上記より詳細のKubernetesにはPodの正常性を判断するためのヘルスチェック機能が以下3種類存在します。

Liveness Probe
Pod内のコンテナが正常に動作しているか確認する
失敗時はコンテナを再起動する

Readiness Probe
Podがリクエストを受け付けることができるか確認する
失敗時はトラフィックを流さない

Startup Probe
Podの初回起動が完了したか確認する
失敗時は他のProbeを実行し始めない

上記3種類のヘルスチェックの方式と、失敗と判定される条件は以下になります。

httpGet
・HTTP GETリクエストを実行し、StatusCodeが200~399でなければ失敗
tcpSocket
・TCPセッションが確立できなければ失敗
exec
・コンテナで任意のコマンドを実行し、終了コードが0でなければ失敗

上記ヘルスチェックの方式と間隔などをマニフェストに定義することでPod上で稼働するアプリケーションの特性に合わせて柔軟にヘルスチェックができるようになります。 ヘルスチェック失敗時にはPodの再作成やトラフィックを受信しないようにしてくれるため、サービスの可用性向上に役立ちます。

スケーリングについて

KubernetesにはPodの負荷が高くなった時に、NodeやPodの数を自動的にスケーリングしてくれる機能が存在します。 Metrics Serverをクラスタ内に構築することでコンテナのCPU使用率やメモリ使用率を収集し、特定のメトリクスをトリガーにスケーリングすることができます。
(クラウドサービスプロバイダを利用している場合、クラスタ作成時に自動的にMetrics Serverが導入されることが多い)

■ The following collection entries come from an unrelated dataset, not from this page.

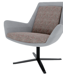
Metal leg-cross D13
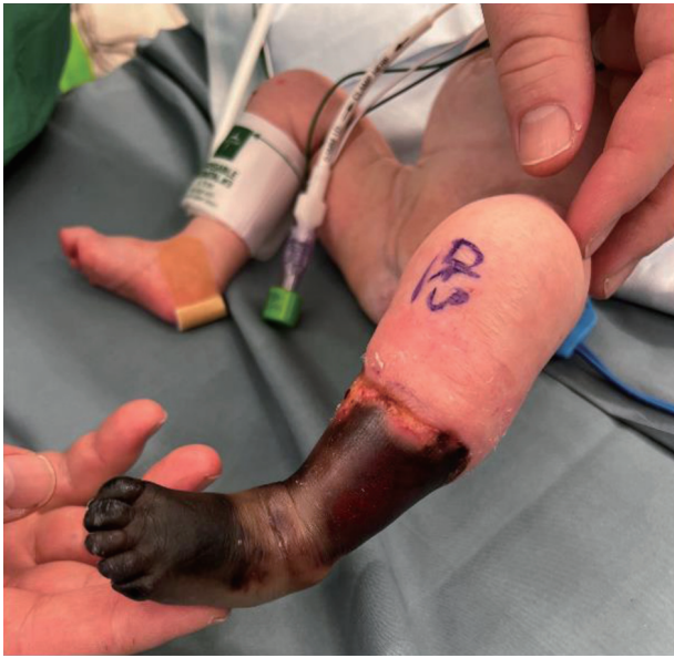
Figure 2. Photograph showing progressive demarcation of the injured extremity.

the needle into the intramedullary cavity of the sternum of adults, the practice has changed primarily to involve the use of the intramedullary cavity of long bones, primarily the proxi-
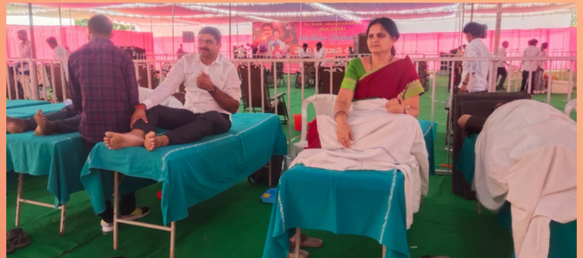
Blood donation camp, Nagarkurnool, Telangana

Inauguration of the new Physiotherapy Unit at Red Cross Bhawan, Patna, Bihar by the Hon'ble Governor of the state Sh. Rajendra Vishwanath Arlekar
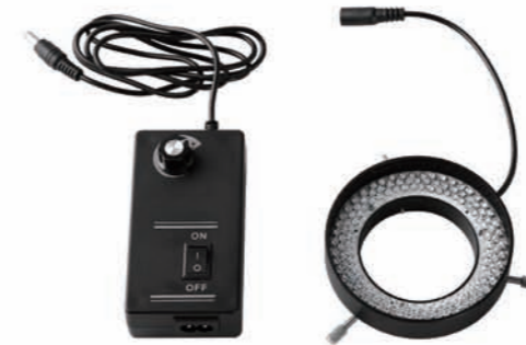
LED Ring Light
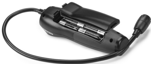
Figure 4 – Removing Battery Compartment Cover
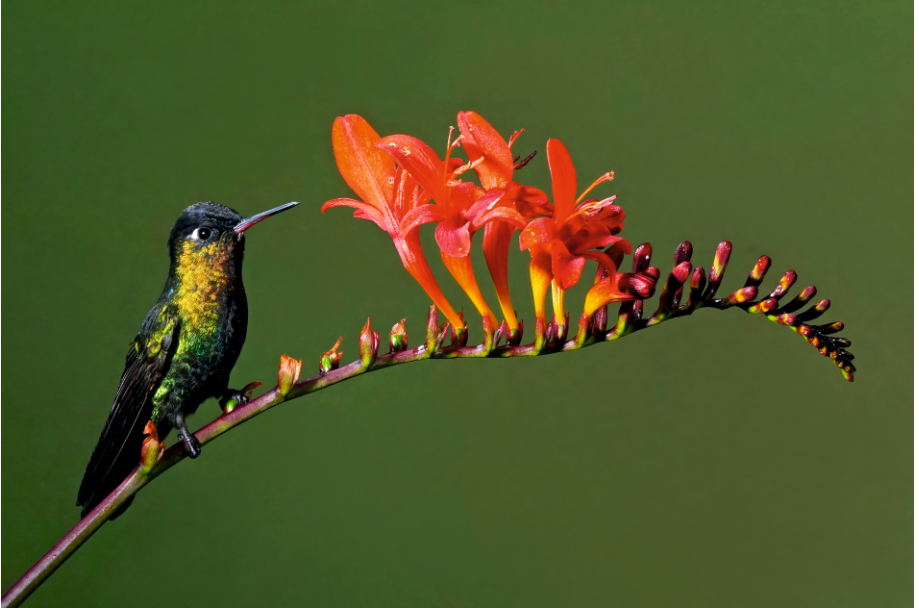
Title : FIERY-THROATED HUMMINGBIRD - COSTA RICA | SIZE - 14"X 21" Medium - Hahnemuhle Daguerre canvas | Price : Rs. 7,840/-
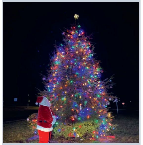
Dallas Township Christmas Tree Lighting

The Dallas Township tree lighting event will take place on Saturday, December 4th from 5:00pm-7:00pm at the Back Mountain Little League Field! Some event highlights include: photos with Santa, an appearance by Elsa and Anna, music, and free food and giveaways for all!
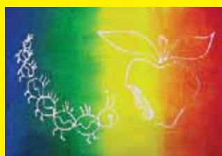
5 Star Printing Foam: see page 26

Place a sheet of paper over the painted printing foam. Using the palm of your hand press firmly all over, then carefully lift off the paper and leave to dry.
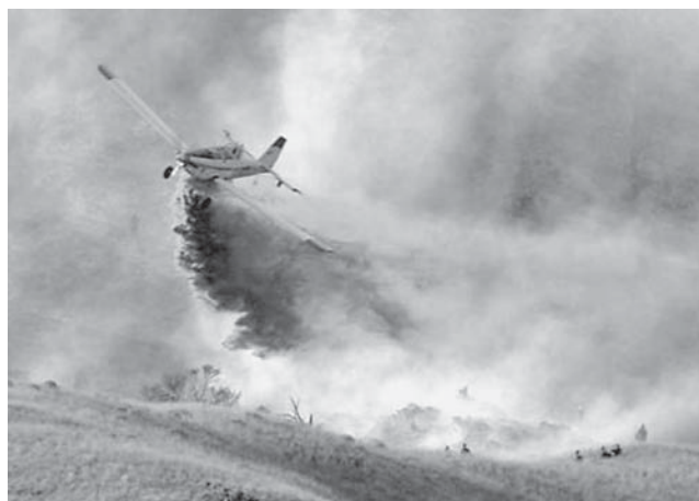
FIGURE 10 Single engine air tanker (SEAT).

Half of the airports interviewed had established procedures for the jettisoning of retardant on airport property (see Figure 10). Other airport operators indicated that they lived in areas where the pilots could pick an area to unload, and it would cause no problems; in other words, the areas were remote. Two airports stated that they expressly prohibit the practice of jettisoning retardant on airport property except in emergency situations. Several airports experienced accidental discharges of retardant, but no serious problems were encountered. Where
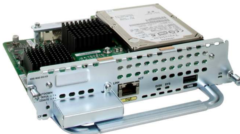
Table 2 gives specifications of the Cisco ACNS Network Module.
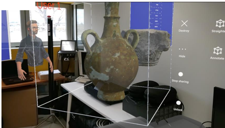
Figure 6. Screenshot of SustainLab during the co-creation of an exhibition: showcasing the placement and manipulation of 3D objects

contribution towards a next-generation networking tool. It operates on the same theoretical model and core digital services backend as the primary system, providing a collaborative environment equipped with remote interaction capabilities for designing cross-institution events and exhibitions and valuation functionalities, by using state-of-the-art augmented reality technologies, enhancing the collaborative experience. Figure 6-Figure 8 offer illustrative representations of how multiple individuals collaborate within the proposed augmented reality environment to co-create virtual exhibitions.
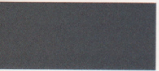
Light Iris Pearl Coat
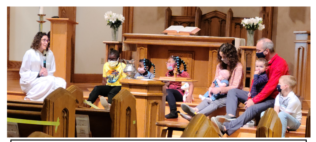
Children's time at our first in-person service on March 14, 2021
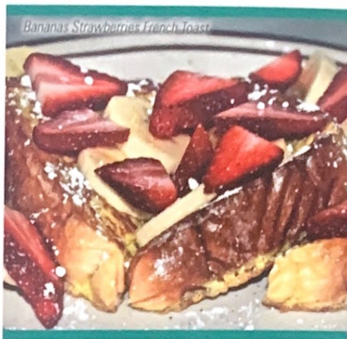
Bananas Strawberries French Toast

Add Bananas, Blueberries, Strawberries or Nutella for 1.50
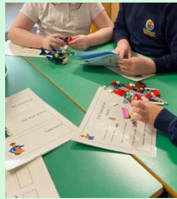
Year 5 children are working well in a group to develop their social and communication skills in a Lego Therapy session.
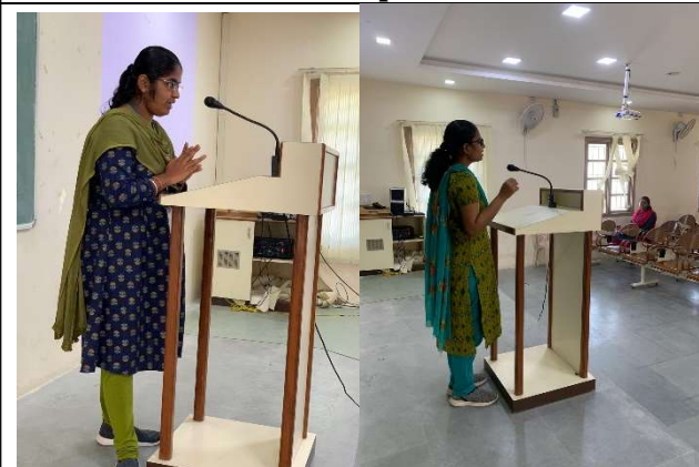
Students had put their thoughts, insights, humour and delivered the speech of consciousness which was fluent, erudite and articulate while being unscripted
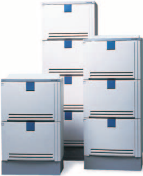
MD110 may be built with one to four stackable modules, placed side-by-side or back-to-back.
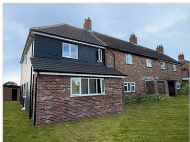
Extensions & Alterations

office@letsdesignarchitecture.com Architectural Design and Consultancy
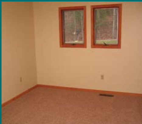
Guest Room 3
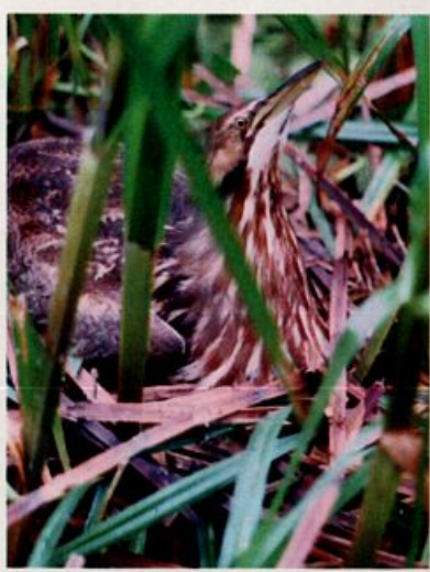
At Squaw Creek National Wildlife Refuge in Holt County, this female American Bittern was at one of two nests found 9 June 2004, the first nests found in Missouri since 1986.
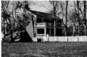
McLean House (surrender site), Appomattox Court House NHP

In 1961, at the outset of the Civil War Centennial, Oscar Handlin observed that, "Again and again, Americans have come back, in their thinking, to the Civil War. Their persistent fascination with that great conflict reveals that it has become a symbol, to which significant meanings adhere. Yet

Kubernetesが提供するスケーリングの機能は3種類存在します。

・Cluster Auto Scaling
Podの負荷に応じてクラウドプロバイダが提供するAPIを通してNodeを作成/削除する

・Horizontal Pod Autoscaler (HPA)
CPUやメモリ使用率などのメトリクスが設定した閾値を超えた時にPodのレプリカ数を増減する

・Vertical Pod Autoscaler (VPA)
CPUやメモリ使用率などのメトリクスが設定した閾値を超えた時にPodに割り当てられているリソースを自動的に増減する

Kubernetesのスケーリング機能を利用することで負荷に応じてNodeやPodの数やリソースを自動的に調整してくれるため、突発的なサーバー負荷に耐えることができるうえに、コストの最適化に役立ちます。

まとめ

Kubernetesを利用したプロジェクトへアサインされるにあたり、公式ドキュメントを読みながら実際に動かしてみることでKubernetesの仕様を大まかに把握することができました。 Kubernetesは把握しておくべき仕様が多いですが、使いこなせばサービスの安定稼働や開発速度の向上に繋がる強力なツールだと思っております。

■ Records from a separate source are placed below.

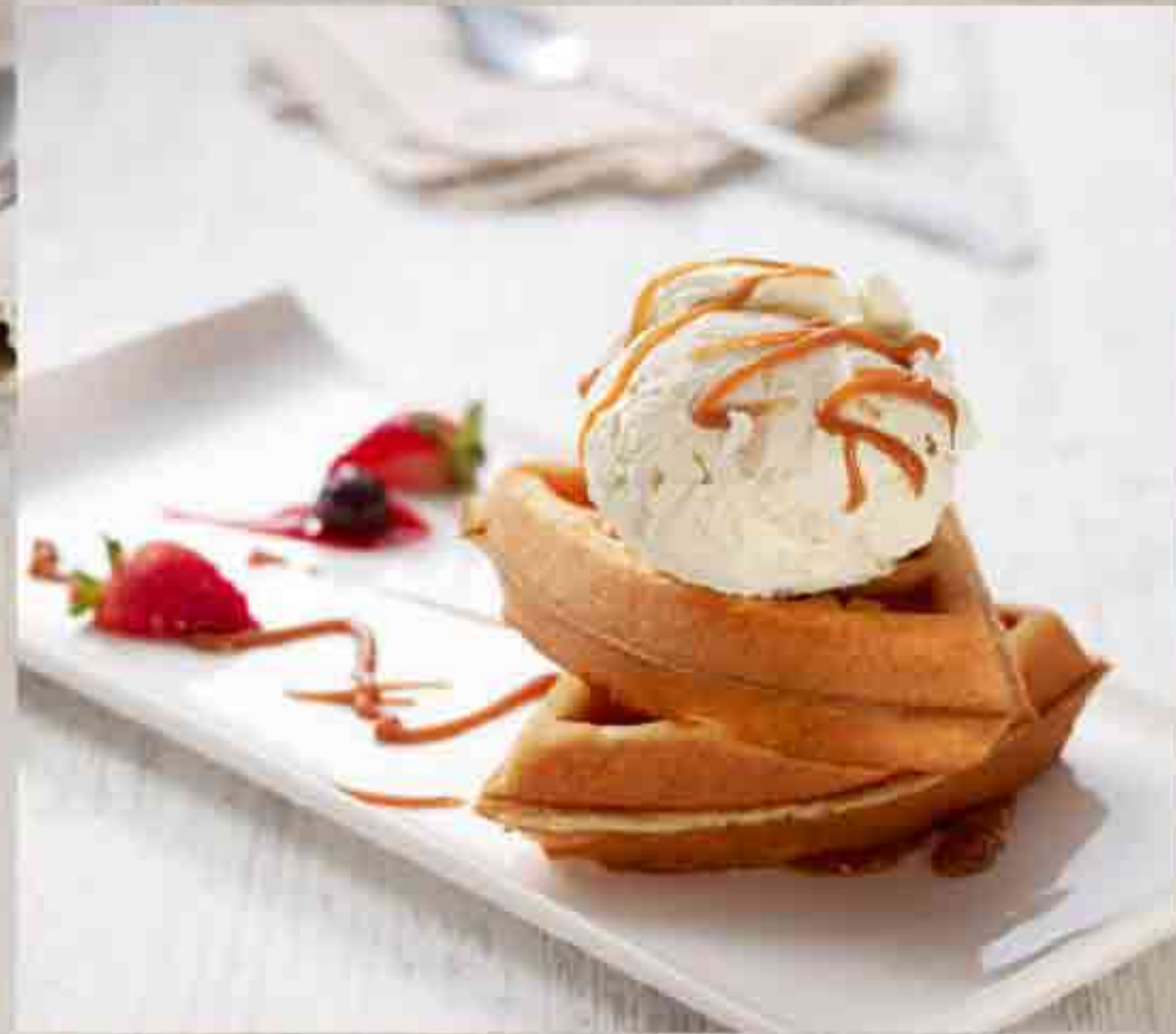
04 Eatzi's Waffle Classic Macadamia Nuts Ice Cream 7.80

Now available at all Eatzi Gourmet Bistro.
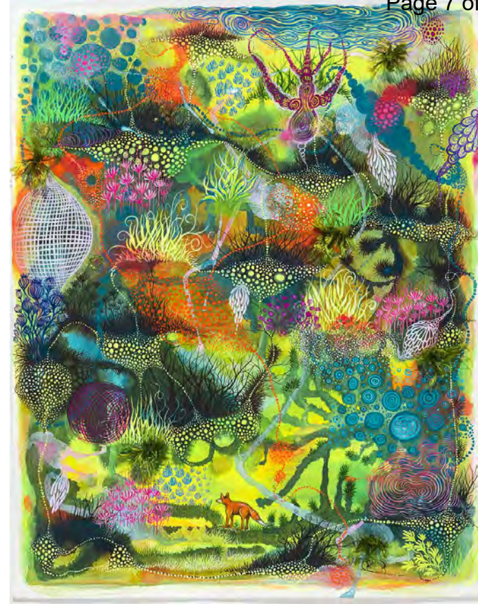
The Sunnyside of My Abstracted Garden, two panels, tapestry
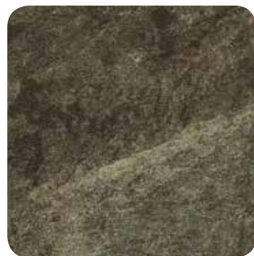
Slate Sequoia* DiamondGloss finish
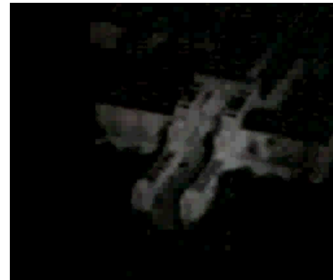
Competing searchlight (800 Watt) in wide focus @ 750 ft.
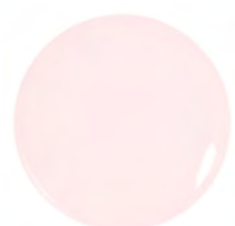
540* Pure Innocence
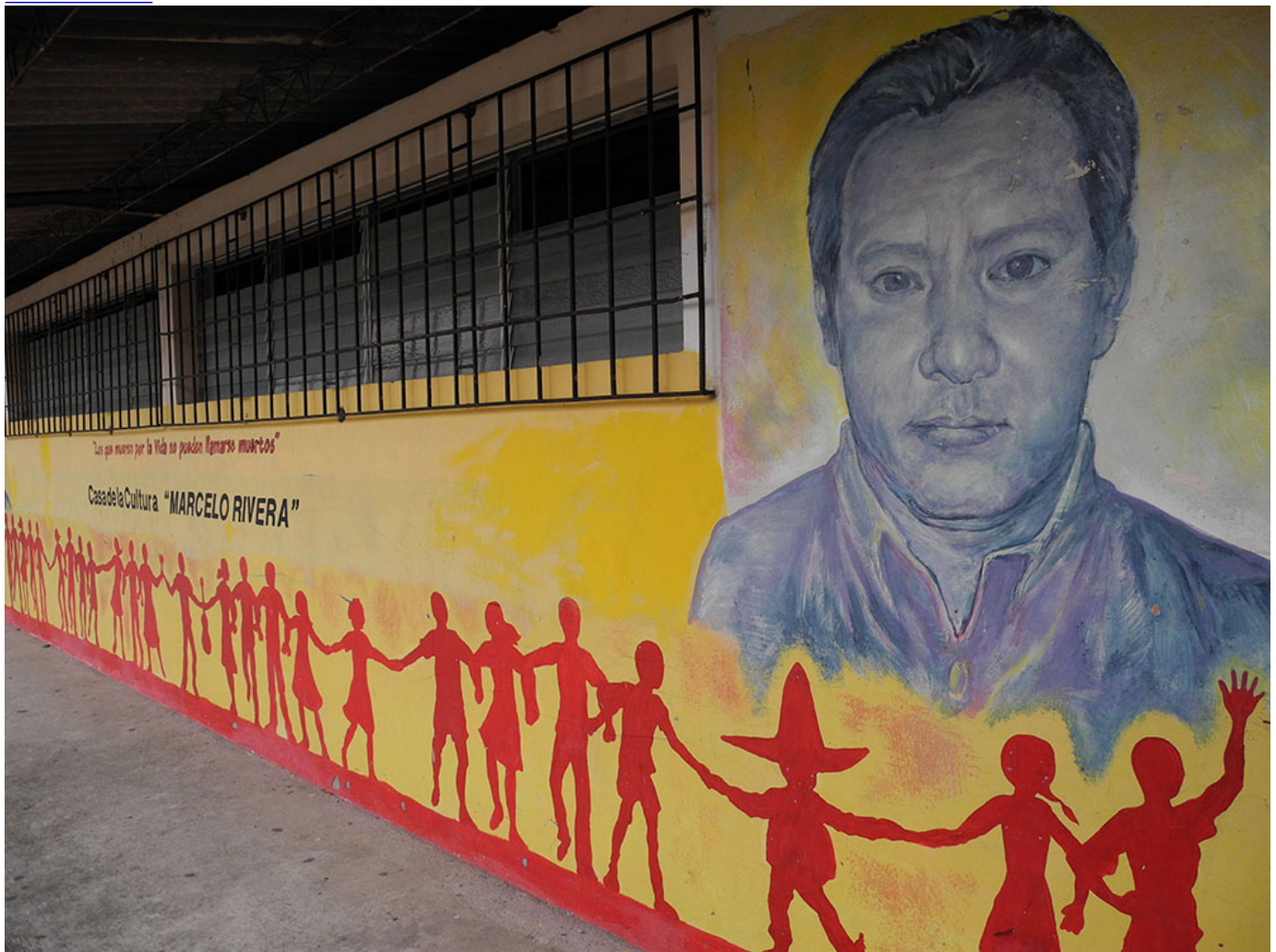
A mural of the late water defender Marcelo Rivera on the Casa de Cultura in San Isidro, Cabañas, El Salvador

今回学んだことを活かすことで現状のエブリスタのKubernetesの構成の問題点を整理し、リソースの最適化によるサービス安定化やコストの削減に努めていきたいと思います。

ここまで長い記事を最後まで読んでくださりありがとうございました。


※参考文献※
青山 真也 (著).Kubernetes完全ガイド 第2版 .インプレス,2020,668p.